Formal Review Process

Jonathan M Davis jmdavisProg at gmx.com
Wed Jun 12 23:23:50 PDT 2013


On Thursday, June 13, 2013 05:42:43 Jesse Phillips wrote:
> On Wednesday, 12 June 2013 at 03:23:54 UTC, Jonathan M Davis
> 
> wrote:
> > If it's not pull-request ready, then it's not showing how it
> > would fit into Phobos.
> 
> I agree.
> 
> > Where do they fit into Phobos?
> 
> This has been what I'm challenging. The problem I'm trying to
> solve, and probably inappropriately doing so as part of the
> formal review, is as below.
> 
> 1. We do not have a formal way to confirm a library should be put
> into Phobos

What's there to confirm? Anyone who wants it to be in Phobos can prepare it for 
review, and if it passes the vote, it's in. If the programmer doing it wants 
to try and figure out ahead of time whether a particular library or piece of 
functionality might be acceptable, they can just ask, and while that may not 
give a definitive answer, it should avoid the cases where it's an obvious no.

> 2. When Phobos does not provide the supporting modules we do not
> have a formal way to answer "Where do they fit in?"

I would expect that the answer to that is generally either:

1. Get the supporting stuff into Phobos first.

or

2. Make it private to what's being submitted for review, and the private 
functionality can be moved into the public API where appropriate later (either 
through pull requests if it's small or other reviews if it's large - though if 
it's particularly large, I would think that it would be best to get it into 
Phobos on its own first).

It's already happened in the past that some functionality has been private to 
a module and not been put into Phobos' public API. That's essentially what 
happened with portions of std.regex which have recently been voted in as part 
of the new std.uni.

> I'm having a hard time concisely expressing myself with this. In
> principle I completely understand why you're taking this
> position, but practically I don't see it.
> 
> Let me go back to real examples:
> https://github.com/jacob-carlborg/orange
> 
> Orange has a directory for 'tests.' Phobos has generally not had
> unittests separate from the function/module being tested. Is that
> unacceptable? I don't know, there certainly was no objection when
> asked.

I believe that I've objected every time that it's been suggested and I was 
involved in the thread, but I don't know what the consensus of the Phobos devs 
would be on that.

> The repository provides a means to build the source into a
> library. Does it really make it harder to review because someone
> can build and use the code without checking out dmd, druntime,
> phobos and building themselves a testable Phobos library?
> 
> There is also a wiki folder, it has an orange ball. Ok, yes there
> are distractions.
> 
> I'll admit, I started from the docs, diving into the code as I
> needed and had I started from the github repository it wouldn't
> have been obvious where things would go in Phobos.

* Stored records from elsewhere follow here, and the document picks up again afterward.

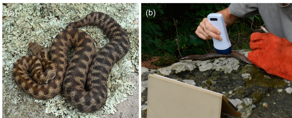
FIGURE 1 Ultrasound examination of vipers ( Vipera aspis ). (a) One of the gravid females that were investigated. (b) In-the-field ultrasound scanning of a gravid viper. Females were examined shortly after capture and then released at the exact capture site.

We remark that detailed recognition and quantification of individual embryos was easier at the earlier stage that we investigated, due to the higher abundance of yolk revealing individual
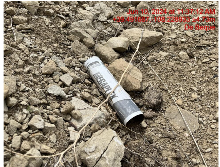
Debris - Photo #02257
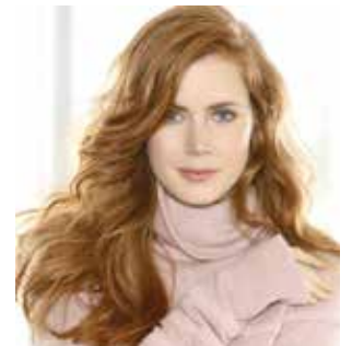
Amy Adams Celebretainment | Los Angeles
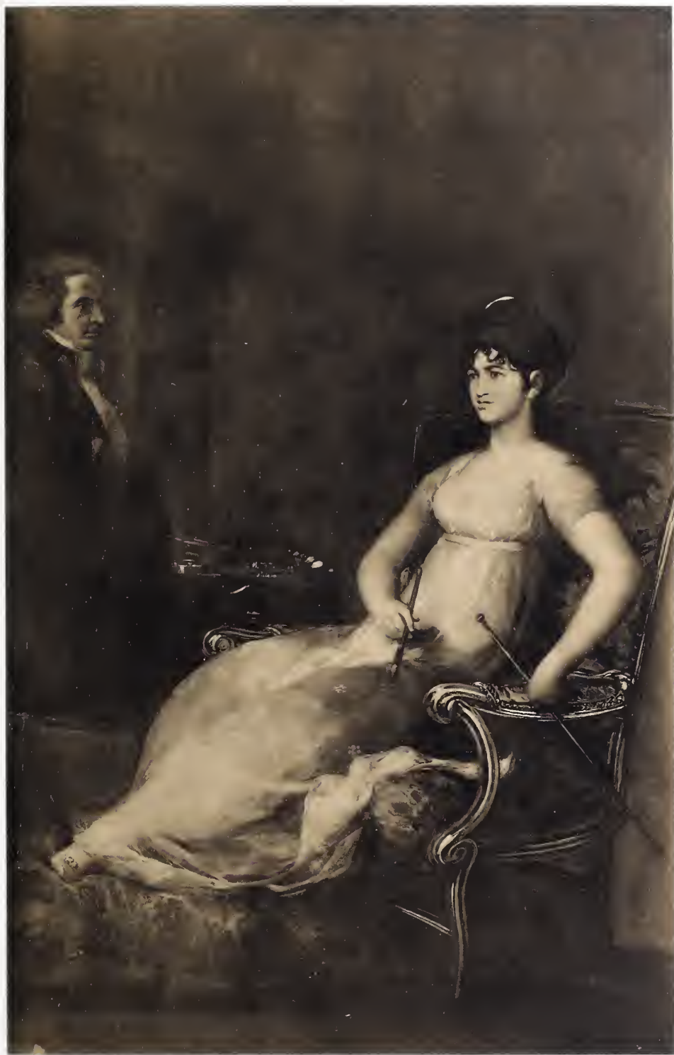
D A MARIA TOMASA PALAFOX Y PORTOCARRERO, MARQUESA DE VILAFRANCA
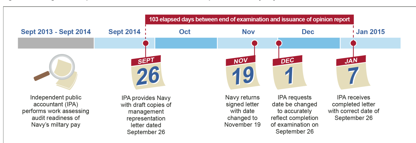
Figure 3: Management Representation Letter Timeline for the April 2013 Military Payroll Examination
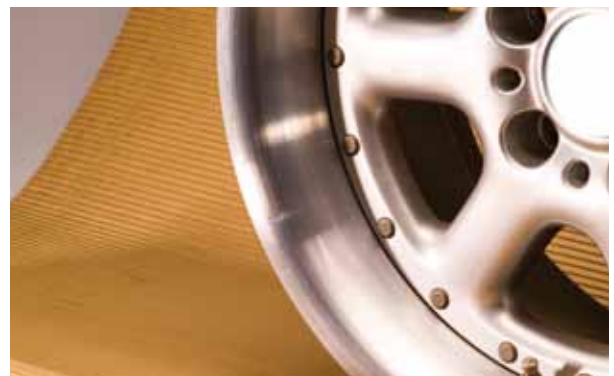
Well protected by corrugated board packaging with VCI treatment

I think that it pretty much comes down to this: Someone who wants to submit 
something to Phobos gets it to the point that it could be merged into Phobos 
as-is if it were voted in. If there are questions, they can ask in the 
newsgroup ahead of time, but in some cases, they're likely just going to have 
to decide themselves on what they think the best way to do it is. If such a 
decision is not acceptable, then it can then be examined as part of the review 
process.

But essentially what it comes down to is that the submitter submits something 
which they think is in a state which could be merged into Phobos, and then 
it's examined during the review process, and the feedback generated during the 
review process leads to whatever adjustments need to be made. And if it still 
isn't acceptable at that point, then presumably, it'll fail the vote (or not 
even get voted on if it's clearly not ready yet).